A living will is a legal document that outlines your preferences for medical care if you become incapacitated. Though part of your estate plan, it is different from a last will and testament, which details how you want to distribute your assets.

People often think writing a living will can wait until sickness, terminal illness, or old age; yet, a 2025 Harris Poll found that only 5% of Americans have an advance care plan in place. But an unexpected injury or disease can strike at any time, not just with older adults or those in the final stages of an illness. Read on to learn more about what living wills are, how to create one, and what to consider including in yours.
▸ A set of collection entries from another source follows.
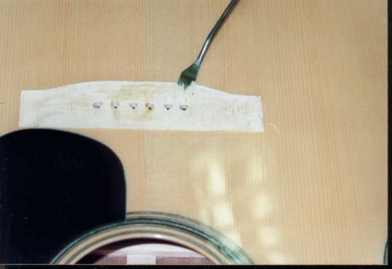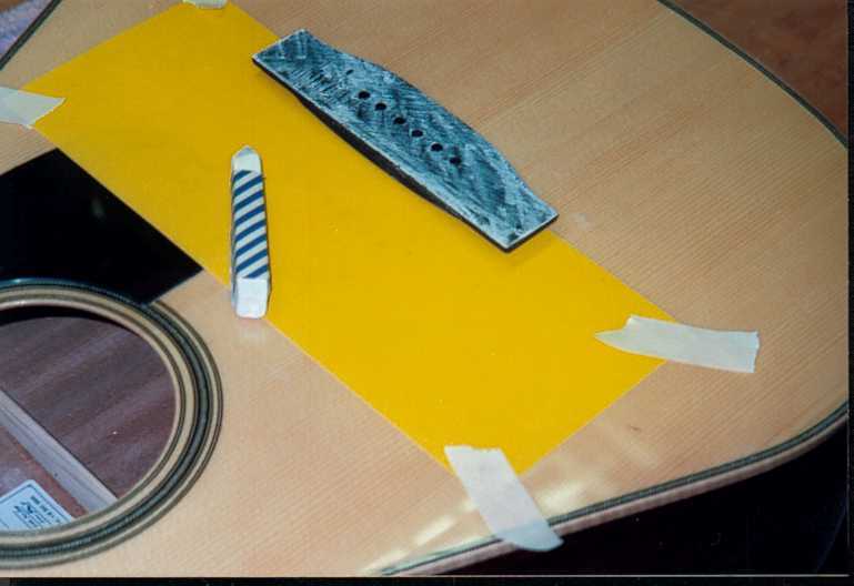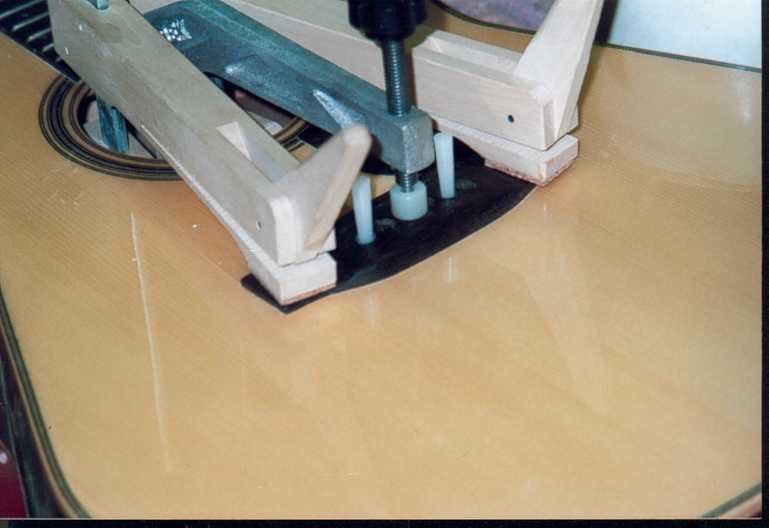 Nachdem nun die Leimflächen optimal vorbereitet sind, benötigt man drei Zwingen, die lang genug sind um durch das Schalloch den Steg zu erreichen und schmal genug sind, auf einmal im Schalloch platz zu finden. Auf der Unterseite benötigt man eine Beilage, die die X-Balken überbrückt. Man kann sich diese dadurch herstellen,dass man ein Stück Styropor and die Stelle drückt und diesen Abdruck abzeichnet auf ein Stück Holz. Da meist nur der Zwischenraum unter den X-Balken mit einem Verstärkungsbrett versehen ist, müssen die außenstehenden Ecken der Beilage mit gleichhohen (ca. 3mm) Holzstückchen aufgefüttert werden. Man kann vor dem Einsetzen der Beilage diese Ecken mit doppelseitigem Klebeband versehen und diese bereits vor dem Leimvorgang im Korpus befestigen (Trick!). Eine weitere Schwierigkeit ist das Verschieben des Stegs unter Zwingendruck auf dem glitschigen Leim. Um dies zu verhindern, gibt es kleine, kegelförmige Kunststoff Stöpsel, die, mit dem gleichen Konus der Saitenpins versehen, in zwei alte Saitenlöcher gesteckt, die Brücke während des Verleimens gegen Verschieben schützt.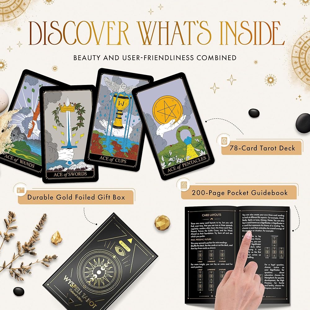 Wyspell Modern Tarot - بطاقات التارو الفريدة مع كتاب دليل للمبتدئين - سطح التارو من رقائق الذهب مع كتاب دليل - مجموعة بطاقات التارو الذهبية للمبتدئين مع كتاب بطاقات التارو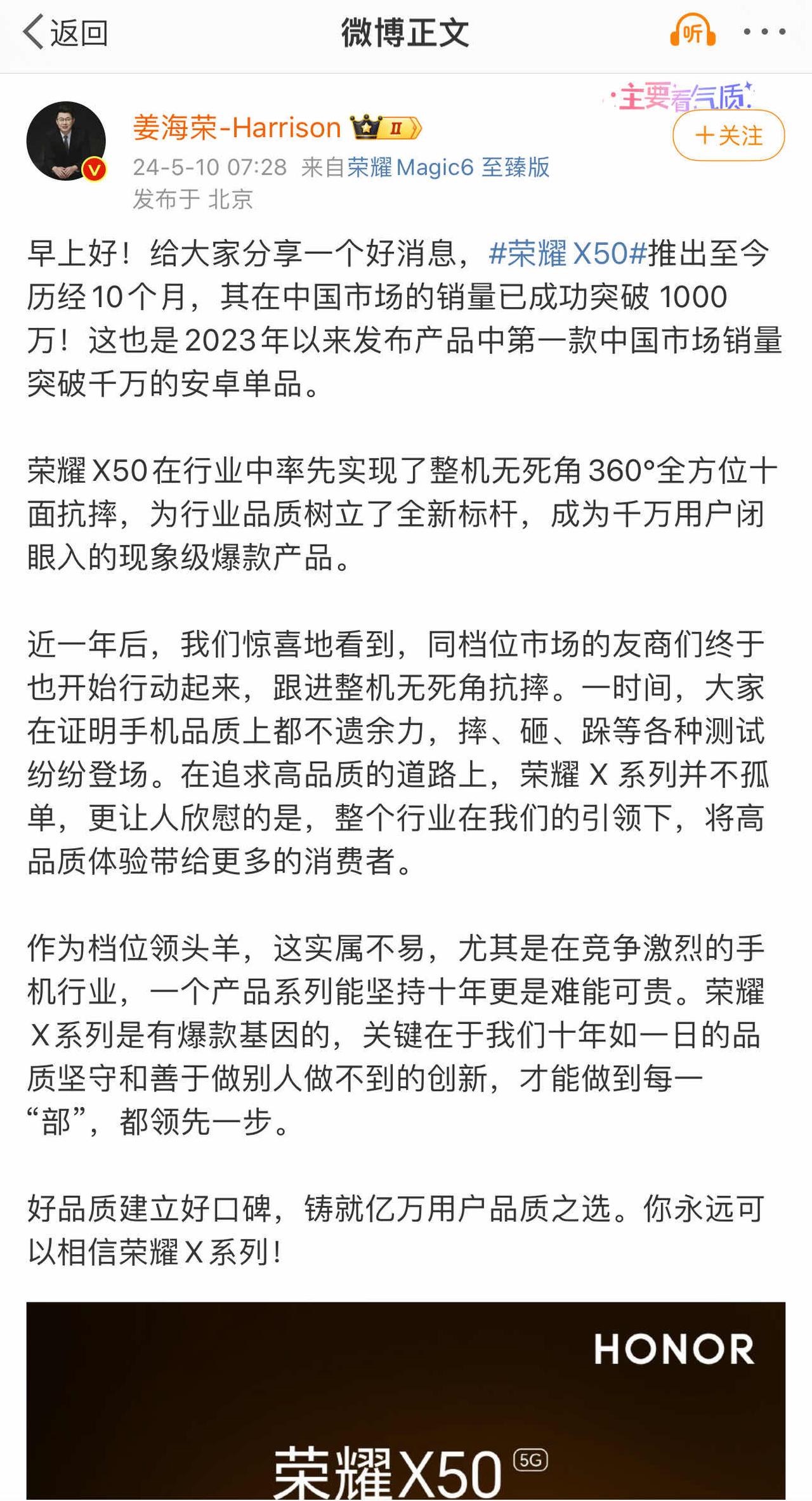从去年2023年到现在,最火的机型不是iPhone 15,也不是遥遥领先,而是荣耀的一款机型X50。 姜海荣发的这条微博信息量有点大,我带大家解读一下。 1,荣耀X50现在的销量已经过了千万台,是2023年到现在唯一一个安卓千万爆款手机,没有之一。 2,千万台的销量是什么概念呢?大致相当于每3秒一台,当你看这条内容的时候,手机已经迈出好几步了。 3,荣耀X50之所以这么受认可,还是因为核心产品力有诚意,无论是外观,还是性能屏幕拍照等等都做到了均衡水准。而且360度全面抗摔产品力引得众多厂商模仿,模仿就是最好的认可。 现在第三方电商平台评价数量100W+,好评率高达97%,这才是真正的国民好手机。#荣耀X50每3秒卖出一台#

An image of a family with elderly parents in a living room looking at their living will together.

How does a living will work?

A living will speaks for you when you can no longer speak for yourself. As a type of advance directive, it instructs care providers about your medical preferences if you become incapacitated and unable to communicate. Having one can shield your loved ones from having to make difficult choices about your care and reduce confusion or arguments over what's in your best interest.

As a legal document, your living will must comply with state laws and often requires a notary public's signature or the signatures of witnesses. That said, this document exists to ensure you have control over your medical preferences, and therefore, you can revoke or update it at any time to meet your current wishes.

When does a living will take effect?

A living will only activates when two conditions are met: you are unable to communicate your own medical decisions, and you have a qualifying medical condition as defined by your state's laws. These qualifying conditions typically include terminal illness, permanent unconsciousness, late-stage dementia, or an irreversible condition where death is imminent. Your living will does not take effect during routine medical procedures when you're conscious and able to speak for yourself.

Living wills generally remain valid indefinitely unless you choose to revoke them; there's no automatic expiration date. However, you should review your living will every five to ten years or after major life events such as marriage, divorce, a serious medical diagnosis, or significant changes in your care preferences. Some states have specific renewal requirements, so checking your state's laws helps ensure your document remains enforceable when you need it most.

Who needs a living will?

Even though currently only 34% of Americans report having one, every adult should consider that a living will can provide them and their loved ones with peace of mind.

Creating a living will when you're healthy allows you to consider all your options carefully and ensures that your loved ones aren't left with difficult choices. If you're undergoing surgery or are critically or terminally ill, a living will is especially important.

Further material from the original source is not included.